┌────────

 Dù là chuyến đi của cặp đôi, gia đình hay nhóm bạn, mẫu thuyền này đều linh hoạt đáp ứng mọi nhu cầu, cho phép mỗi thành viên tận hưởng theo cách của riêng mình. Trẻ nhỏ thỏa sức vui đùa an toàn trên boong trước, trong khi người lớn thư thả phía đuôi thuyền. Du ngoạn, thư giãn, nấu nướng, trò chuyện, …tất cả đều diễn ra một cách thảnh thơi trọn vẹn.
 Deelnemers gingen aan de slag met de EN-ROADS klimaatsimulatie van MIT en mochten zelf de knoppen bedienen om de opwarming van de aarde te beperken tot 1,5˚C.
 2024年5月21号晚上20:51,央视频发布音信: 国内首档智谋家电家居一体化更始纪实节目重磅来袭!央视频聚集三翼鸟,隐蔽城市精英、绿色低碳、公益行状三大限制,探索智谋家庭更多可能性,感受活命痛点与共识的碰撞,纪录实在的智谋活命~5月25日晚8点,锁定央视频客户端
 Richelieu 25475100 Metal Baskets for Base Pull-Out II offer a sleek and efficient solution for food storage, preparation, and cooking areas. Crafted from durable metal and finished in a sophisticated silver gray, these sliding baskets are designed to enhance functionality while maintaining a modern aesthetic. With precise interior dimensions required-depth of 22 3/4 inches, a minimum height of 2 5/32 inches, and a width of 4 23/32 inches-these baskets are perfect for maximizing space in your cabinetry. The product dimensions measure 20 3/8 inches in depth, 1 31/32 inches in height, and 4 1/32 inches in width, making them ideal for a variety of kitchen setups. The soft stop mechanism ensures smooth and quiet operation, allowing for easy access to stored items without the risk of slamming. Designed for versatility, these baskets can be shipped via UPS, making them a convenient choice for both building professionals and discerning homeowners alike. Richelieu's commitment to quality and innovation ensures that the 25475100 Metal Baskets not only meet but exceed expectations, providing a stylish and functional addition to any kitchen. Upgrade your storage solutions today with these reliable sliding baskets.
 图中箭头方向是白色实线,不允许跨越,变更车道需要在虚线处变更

└────────

**Exercise description**.
Every record above belongs in the answer, reproduced exactly.

**Answer section**.
 Dù là chuyến đi của cặp đôi, gia đình hay nhóm bạn, mẫu thuyền này đều linh hoạt đáp ứng mọi nhu cầu, cho phép mỗi thành viên tận hưởng theo cách của riêng mình. Trẻ nhỏ thỏa sức vui đùa an toàn trên boong trước, trong khi người lớn thư thả phía đuôi thuyền. Du ngoạn, thư giãn, nấu nướng, trò chuyện, …tất cả đều diễn ra một cách thảnh thơi trọn vẹn.
 Deelnemers gingen aan de slag met de EN-ROADS klimaatsimulatie van MIT en mochten zelf de knoppen bedienen om de opwarming van de aarde te beperken tot 1,5˚C.
 2024年5月21号晚上20:51,央视频发布音信: 国内首档智谋家电家居一体化更始纪实节目重磅来袭!央视频聚集三翼鸟,隐蔽城市精英、绿色低碳、公益行状三大限制,探索智谋家庭更多可能性,感受活命痛点与共识的碰撞,纪录实在的智谋活命~5月25日晚8点,锁定央视频客户端
 Richelieu 25475100 Metal Baskets for Base Pull-Out II offer a sleek and efficient solution for food storage, preparation, and cooking areas. Crafted from durable metal and finished in a sophisticated silver gray, these sliding baskets are designed to enhance functionality while maintaining a modern aesthetic. With precise interior dimensions required-depth of 22 3/4 inches, a minimum height of 2 5/32 inches, and a width of 4 23/32 inches-these baskets are perfect for maximizing space in your cabinetry. The product dimensions measure 20 3/8 inches in depth, 1 31/32 inches in height, and 4 1/32 inches in width, making them ideal for a variety of kitchen setups. The soft stop mechanism ensures smooth and quiet operation, allowing for easy access to stored items without the risk of slamming. Designed for versatility, these baskets can be shipped via UPS, making them a convenient choice for both building professionals and discerning homeowners alike. Richelieu's commitment to quality and innovation ensures that the 25475100 Metal Baskets not only meet but exceed expectations, providing a stylish and functional addition to any kitchen. Upgrade your storage solutions today with these reliable sliding baskets.
 图中箭头方向是白色实线,不允许跨越,变更车道需要在虚线处变更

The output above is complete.